8. Even this issue has been decided by Hon’ble Allahabad High Court in the case of Vem Resorts & Hotels (P) Ltd (supra) and particularly in Para 25 Hon’ble Allahabad High Court observed as under:

“25. As, Clause (c) of Explanation 1 to Section 263 of the Act provides that when an appeal is pending before the Commissioner, the exercise of jurisdiction under Section 263 of the Act by CIT is barred. Thus, in the present case, the CIT wrongly exercised jurisdiction under Section 263 of the Act by remanding back the matter to assessing authority on 25.3.2013, while the appeal was decided by CIT (A) on 5.6.2013. Thus, the order passed by the ITAT does not suffer from any irregularity and needs no interference.”

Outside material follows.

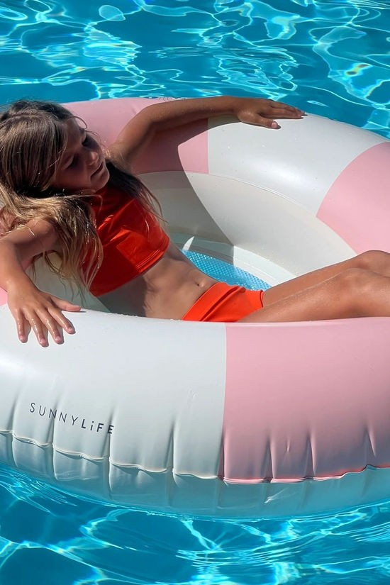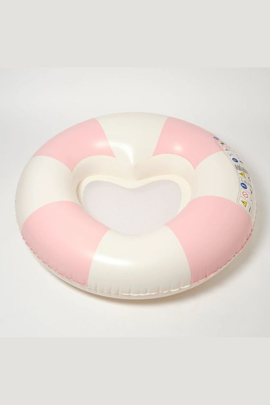 pink-and-white striped pool ring from Sunnylife with heart-shaped mesh inside.

9. In view of the above facts situation that the addition of agricultural income by the AO as unexplained income is contested before the CIT(A) by the assessee and once this being contested before CIT(A), in view of the provisions of clause (c) of Explanation (1) to section 263 of the Act, the doctrine of merger will apply and the PCIT cannot take any cognizance of the matter while adjudicating u/s. 263 of the Act. Even otherwise also the CIT(A)’s powers are co-terminus with those of the AO and he can do what the AO could do and can also direct the later to do what the later failed to do on that very issue. In fact, an appeal is merely continuation of the original proceedings and unless some fetters are placed upon the powers of CIT(A), he exercise the same powers as that by the AO. In the present case, the CIT(A) can also rectify charging of higher rate of tax during appeal proceedings, in case the provisions of the Act so provides and income of the assessee declared as agricultural income is upheld to be assessed as unexplained income. Accordingly, we are of the view that the revision order passed by PCIT u/s.263 of the Act is bad in law and without jurisdiction. Hence, we quash the revision order passed by PCIT and allow the appeal of the assessee.

10. Similar are the facts in ITA No. 341/Chny/2022 in the case of K. Srinivasan for AY 2017-18 and hence respectfully following same and taking consistent view, we quash the revision order in the case also.

11. In the result, both the appeals filed by the assessees are allowed. Order pronounced on 3rd August, 2022.